Source records
======
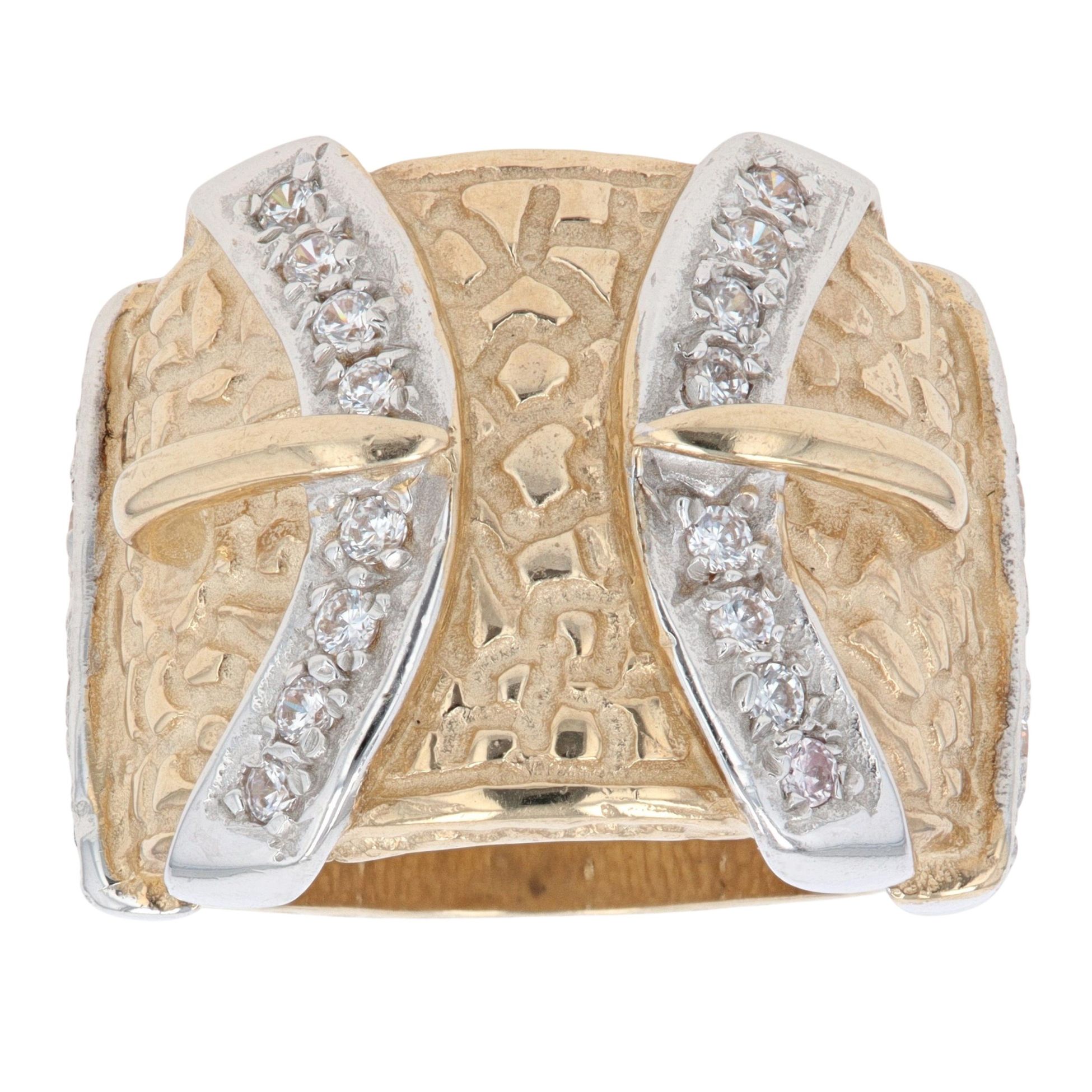 9ct Yellow And White Gold Cubic Zirconia Double Buckle Ring
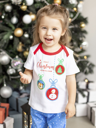 Футболка новогодняя Батик детская с короткими рукавами. Коллекция трикотажа для мальчиков и девочек с праздничными принтами.
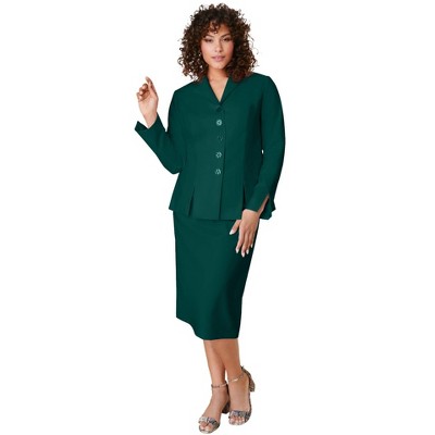 Roaman's Plus-Size Asymmetrical Lace Pant Set –Long Sleeve Lace Scalloped Tunic & Elastic Waist Pants - 44 W, Emerald Green
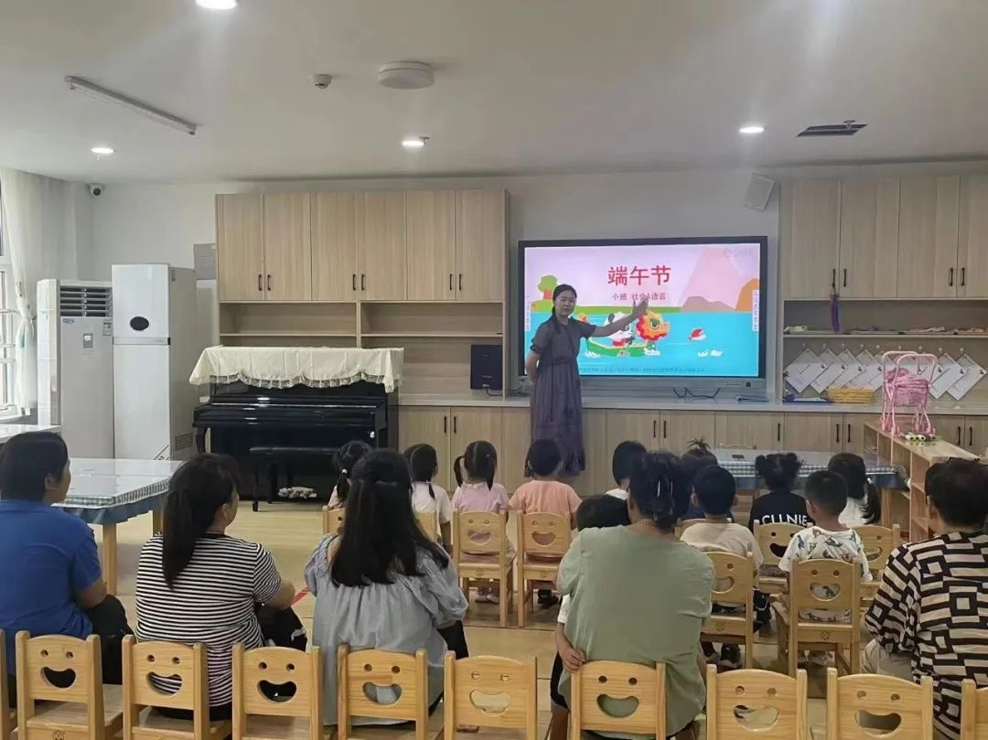 工作人员向小朋友们讲解端午节的由来和习俗。老师和家长们为孩子制作寓意驱邪、祈福纳吉的五彩小手绳。大家还一起将艾蒿悬挂在教室里,一起包粽子。
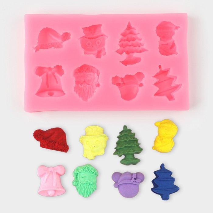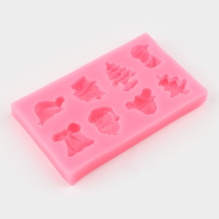 Молд новогодний «Снежные», силикон, 11,8×7 см, цвет розовый
======
- _Action item_:
Where pictures appear, omit them, and transcribe exactly, with nothing else, the lines from the line with "工作人员向小朋友们讲解端午节" through the final line of the records above, both ends included.

- _Solution_:
 工作人员向小朋友们讲解端午节的由来和习俗。老师和家长们为孩子制作寓意驱邪、祈福纳吉的五彩小手绳。大家还一起将艾蒿悬挂在教室里,一起包粽子。
 Молд новогодний «Снежные», силикон, 11,8×7 см, цвет розовый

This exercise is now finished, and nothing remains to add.